_EXTRACTED DATA_:
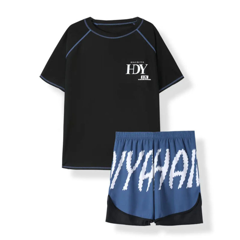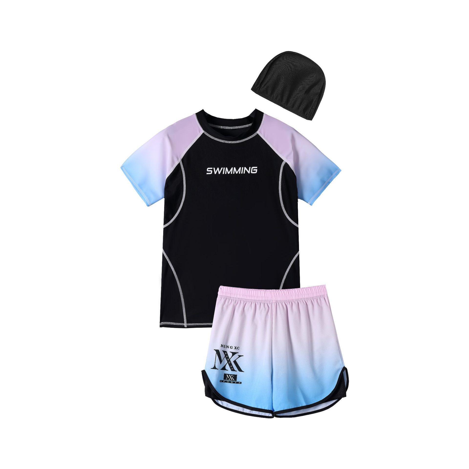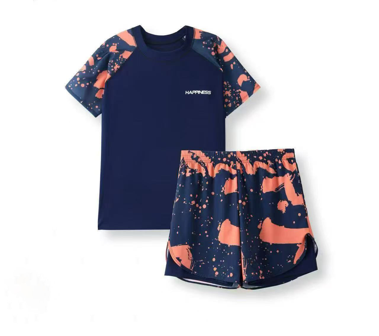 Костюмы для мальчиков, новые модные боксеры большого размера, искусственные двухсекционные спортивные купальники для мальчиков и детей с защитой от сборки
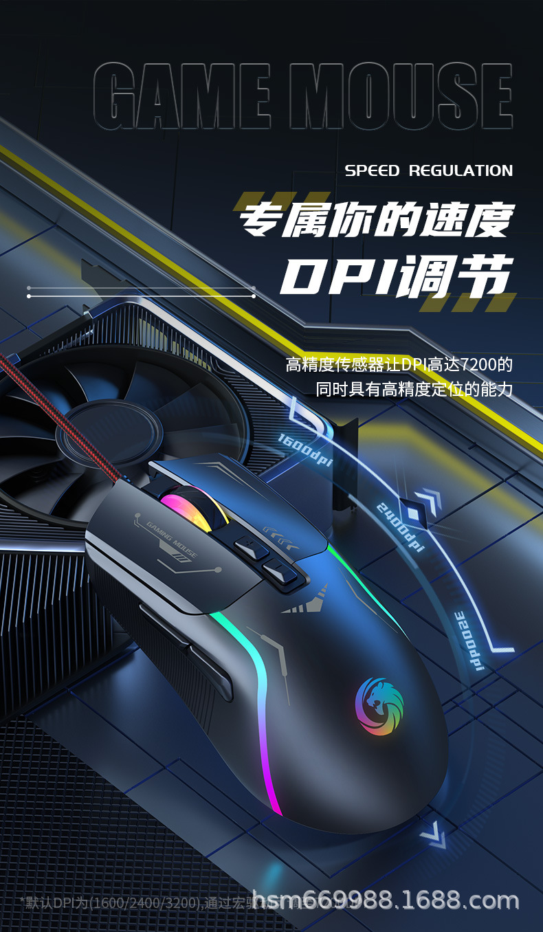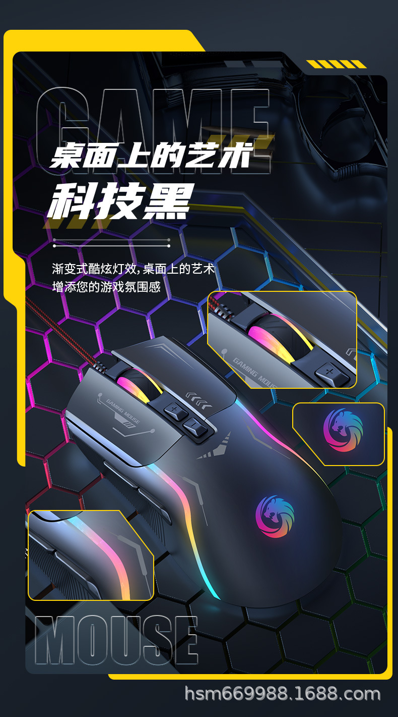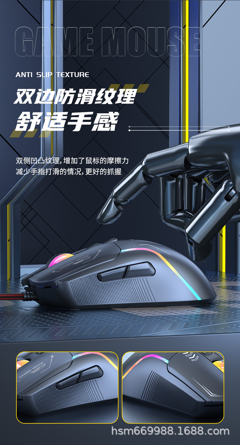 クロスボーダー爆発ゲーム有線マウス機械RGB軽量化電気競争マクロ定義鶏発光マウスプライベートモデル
---
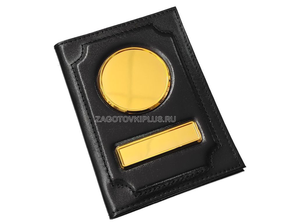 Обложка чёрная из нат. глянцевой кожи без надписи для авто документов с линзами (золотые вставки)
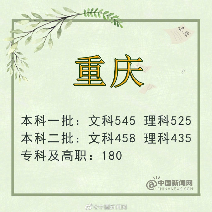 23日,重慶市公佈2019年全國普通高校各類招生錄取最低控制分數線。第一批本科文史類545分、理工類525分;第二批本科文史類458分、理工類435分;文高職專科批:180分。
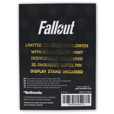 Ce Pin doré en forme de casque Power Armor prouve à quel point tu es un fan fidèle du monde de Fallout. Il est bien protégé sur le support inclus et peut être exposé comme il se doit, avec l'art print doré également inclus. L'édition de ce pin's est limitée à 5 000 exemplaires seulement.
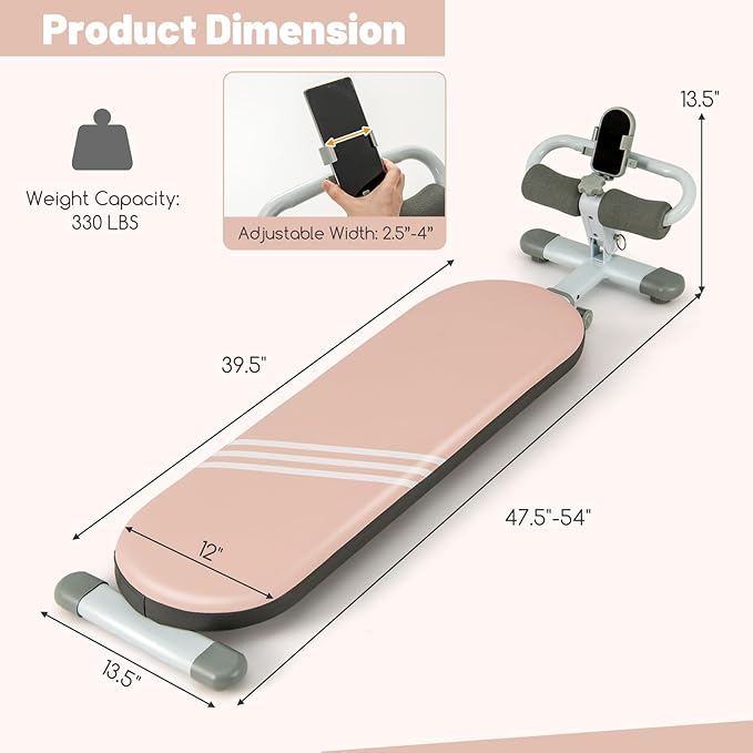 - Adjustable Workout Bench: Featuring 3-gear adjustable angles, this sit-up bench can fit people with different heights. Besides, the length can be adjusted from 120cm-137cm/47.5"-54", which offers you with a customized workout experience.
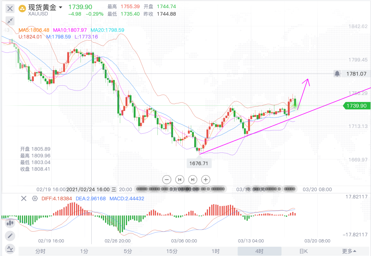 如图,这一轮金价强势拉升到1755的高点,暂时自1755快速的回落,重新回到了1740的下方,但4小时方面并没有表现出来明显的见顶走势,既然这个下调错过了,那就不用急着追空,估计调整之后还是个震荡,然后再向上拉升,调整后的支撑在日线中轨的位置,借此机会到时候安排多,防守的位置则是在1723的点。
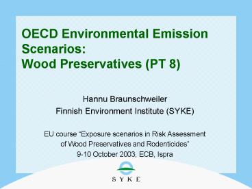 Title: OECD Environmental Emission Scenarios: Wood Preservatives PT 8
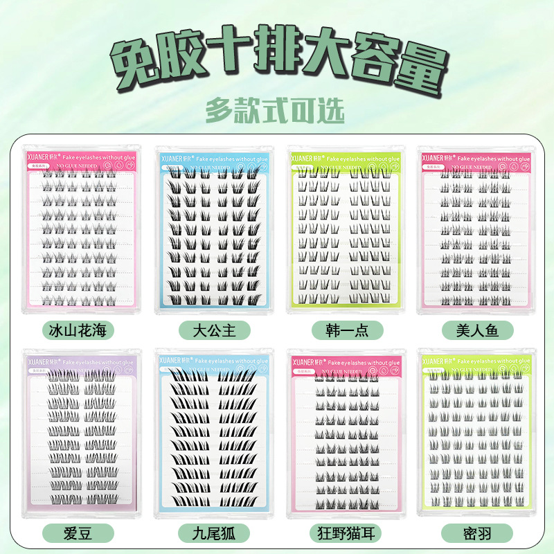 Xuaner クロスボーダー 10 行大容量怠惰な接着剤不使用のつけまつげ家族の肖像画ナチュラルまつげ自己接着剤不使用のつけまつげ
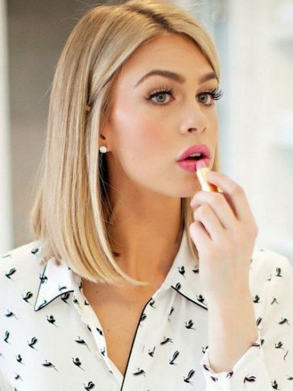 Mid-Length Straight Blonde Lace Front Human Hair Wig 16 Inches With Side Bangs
==
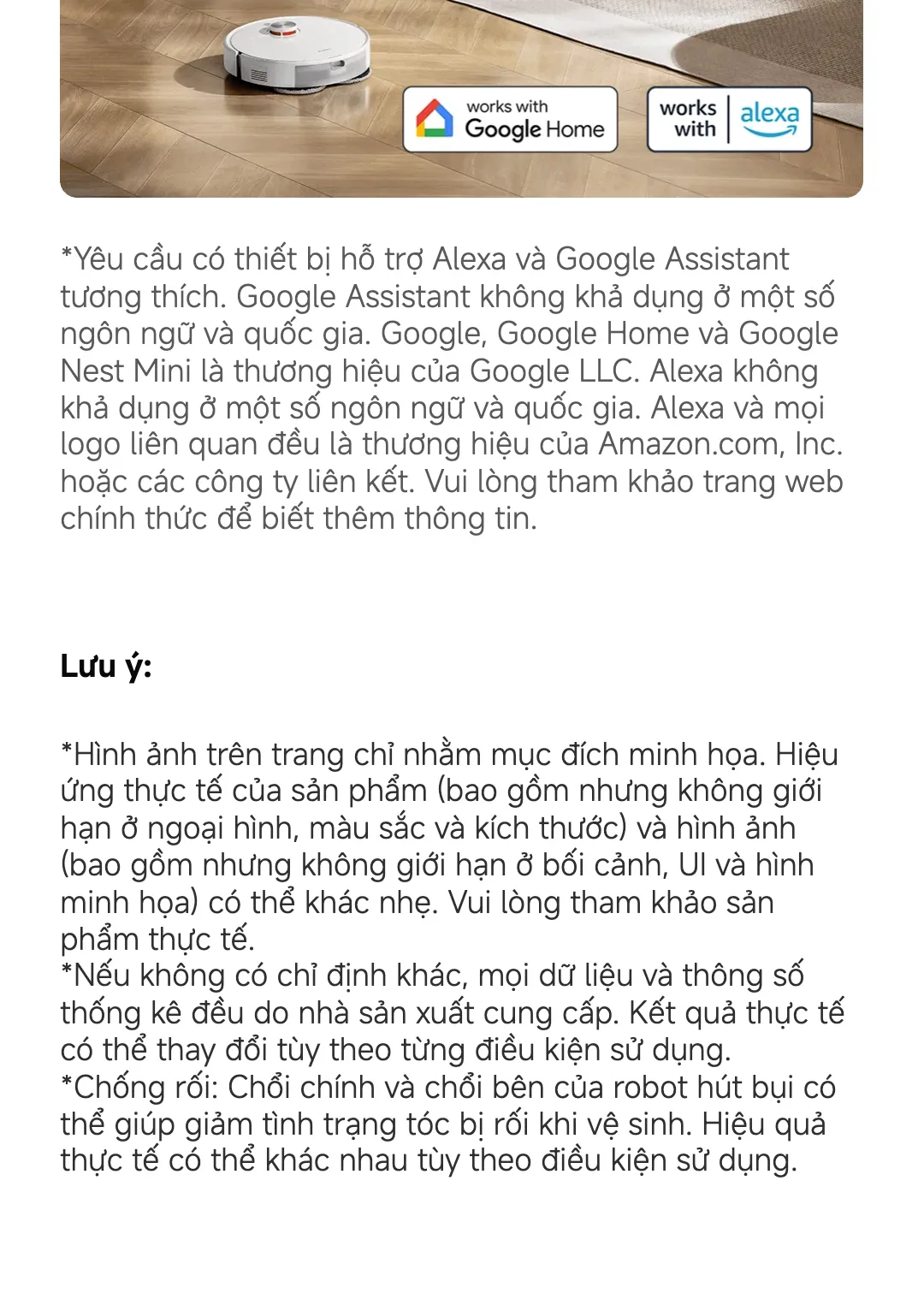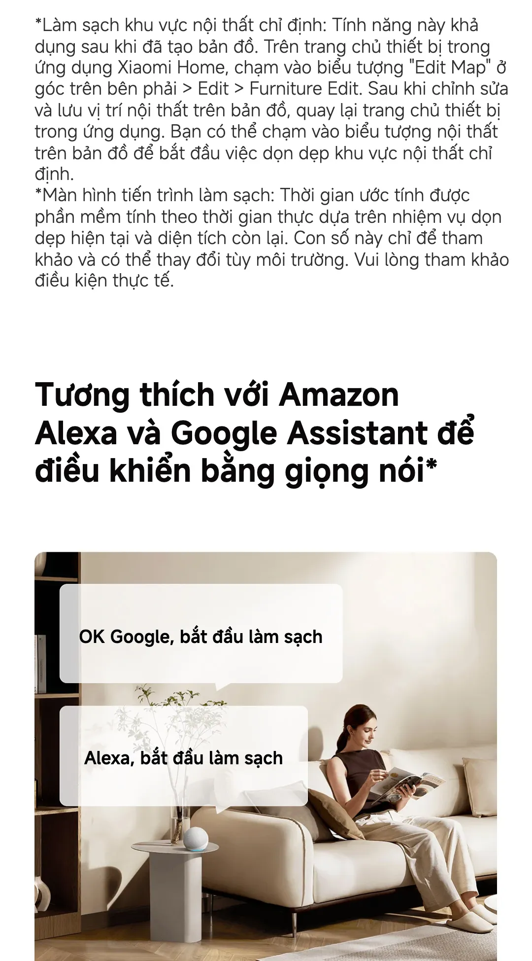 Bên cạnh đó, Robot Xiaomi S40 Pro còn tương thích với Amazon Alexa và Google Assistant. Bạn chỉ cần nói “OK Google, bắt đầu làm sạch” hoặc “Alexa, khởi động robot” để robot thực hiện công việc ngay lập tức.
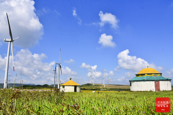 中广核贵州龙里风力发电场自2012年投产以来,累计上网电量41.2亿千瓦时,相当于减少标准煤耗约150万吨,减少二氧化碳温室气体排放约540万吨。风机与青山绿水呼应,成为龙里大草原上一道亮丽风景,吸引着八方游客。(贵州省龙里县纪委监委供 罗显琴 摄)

_YOUR GOAL_: Go back to the listing above and reproduce, exactly, the stretch from the line bearing "Костюмы для мальчиков, новые" through the line bearing "クロスボーダー爆発ゲーム有線", without its pictures.

_EXERCISE ANSWER_:
 Костюмы для мальчиков, новые модные боксеры большого размера, искусственные двухсекционные спортивные купальники для мальчиков и детей с защитой от сборки
 クロスボーダー爆発ゲーム有線マウス機械RGB軽量化電気競争マクロ定義鶏発光マウスプライベートモデル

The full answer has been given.